September 21, 2009
On Mon, 21 Sep 2009 14:28:09 -0400, Jeremie Pelletier <jeremiep@gmail.com> wrote:

> Steven Schveighoffer wrote:
>> On Mon, 21 Sep 2009 12:23:46 -0400, Jeremie Pelletier <jeremiep@gmail.com> wrote:
>>>
>>> 'in' means 'const scope' in D2, which is using pass-by-value semantics.
>>  Yes, you are right.  I can't see the benefit to it, so I guess my recommendation is not to ever use in (use const instead).
>
> I disagree, I have different uses for both. I use 'in' when the reference will not leave the function's scope and const when it does. Both are immutable views on the data but with different usage semantics. The different semantics aren't yet implemented in D2 but they are most useful to determine whether I can, for example, decide whether to send a slice (to in parameters) or a copy (to const parameters).

Yes, that would be useful if it was enforced.  But it's not, so it's not useful.  Unless you trust the compiler in your head :)

>>> I myself stay out of 'ref' and 'out' params since they do not yet optimize and add quite a lot of overhead making temporary "safe" copies of the data.
>>  I understand the problem behind not optimizing  (inline), but I'm not sure what you mean by making temporary "safe" copies.
>
> Right now the compiler makes a temporary copy of referenced parameters on the stack, calls the function with a pointer to the stack copy, and once the function returns copies the modified temporary back to its original location. This is quite considerable overhead.

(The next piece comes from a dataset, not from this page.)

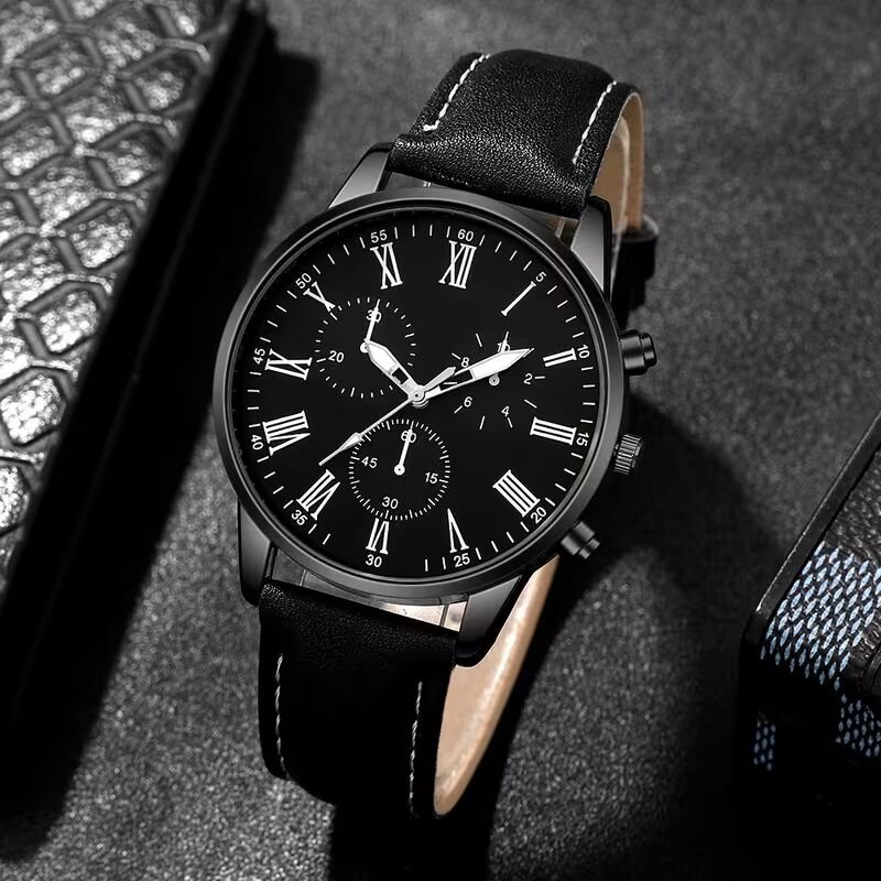 Elevate your style with this 4-piece Men’s Luxury Watch & Jewelry Set. Includes a black analog chronograph watch, matching bracelet, necklace, and ring. Features stylish subdials and comes gift-boxed perfect for birthdays, Christmas, or Eid.

Are you sure this is true?  I don't have a d2 compiler right now, but that sounds like a *huge* step in the wrong direction.  D1 does not do this (tested dmd 1.046).

>
>>> Also 'scope' params have a meaning, when a delegate parameter is declared as scope, it allows a closure to use stack storage instead of the usual heap storage.
>>  yes, but in the context of an 'in' parameter, most of the time you are not passing a delegate using in, so scope doesn't mean much there.
>
> The implied 'scope' in 'in' has no effect yet due to a current compiler bug. You have to explicitly use 'scope' when declaring delegate parameters. Just like the 'in' vs 'const' have different semantics, 'in' vs plain 'scope' also have different semantics, which should get fixed soon.

Yes, I understand the reasoning for scope delegates.  My point was that
1. scope for non-delegate parameters is currently a noop
2. const does not make any sense for a delegate.

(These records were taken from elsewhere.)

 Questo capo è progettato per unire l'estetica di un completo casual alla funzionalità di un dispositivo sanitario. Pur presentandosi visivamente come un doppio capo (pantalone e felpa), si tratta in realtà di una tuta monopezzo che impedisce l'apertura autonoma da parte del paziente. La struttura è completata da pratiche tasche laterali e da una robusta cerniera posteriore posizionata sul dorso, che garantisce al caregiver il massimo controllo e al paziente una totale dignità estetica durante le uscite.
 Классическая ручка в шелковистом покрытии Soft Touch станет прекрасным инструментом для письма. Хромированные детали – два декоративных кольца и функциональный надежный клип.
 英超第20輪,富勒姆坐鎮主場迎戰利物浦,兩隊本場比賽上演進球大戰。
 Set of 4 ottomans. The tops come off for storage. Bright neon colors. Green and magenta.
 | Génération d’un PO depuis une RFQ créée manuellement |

So arguing that the 'scope' part of 'in' is useful for delegates is currently a moot point.  I guess you could use it as a quicker way to type scope or const, but it currently doesn't have any different use than just typing 'scope' (for delegates) or 'const' (for other types).

>
> For example, consider the following:
>
> void Foo(scope delegate() bar) { bar(); }
> void Foo2(delegate() bar) { bar(); }
>
> // This method uses stack storage, the implied scope in 'in' should also work here, but is bugged right now so explicit 'scope' is needed
> void Test() {
>      void Bar() {}
>      Foo(&Bar);
> }
>
> // This method uses heap storage allocated on the GC through _d_allocmemory
> // Notice how the only difference is the 'scope' qualifier of Foo2()
> void Test2() {
>      void Bar() {}
>      Foo2(&Bar);
> }

it's still incomplete.  For example, this still allocates a closure on the heap:

void Bar() {}
auto x = &Bar;
Foo2(x);

I think scope will have to become a type-modifier before it is a complete solution.

-Steve
September 21, 2009
Steven Schveighoffer wrote:
> On Mon, 21 Sep 2009 14:28:09 -0400, Jeremie Pelletier <jeremiep@gmail.com> wrote:
> 
>> Steven Schveighoffer wrote:
>>> On Mon, 21 Sep 2009 12:23:46 -0400, Jeremie Pelletier <jeremiep@gmail.com> wrote:
>>>>
>>>> 'in' means 'const scope' in D2, which is using pass-by-value semantics.
>>>  Yes, you are right.  I can't see the benefit to it, so I guess my recommendation is not to ever use in (use const instead).
>>
>> I disagree, I have different uses for both. I use 'in' when the reference will not leave the function's scope and const when it does. Both are immutable views on the data but with different usage semantics. The different semantics aren't yet implemented in D2 but they are most useful to determine whether I can, for example, decide whether to send a slice (to in parameters) or a copy (to const parameters).
> 
> Yes, that would be useful if it was enforced.  But it's not, so it's not useful.  Unless you trust the compiler in your head :)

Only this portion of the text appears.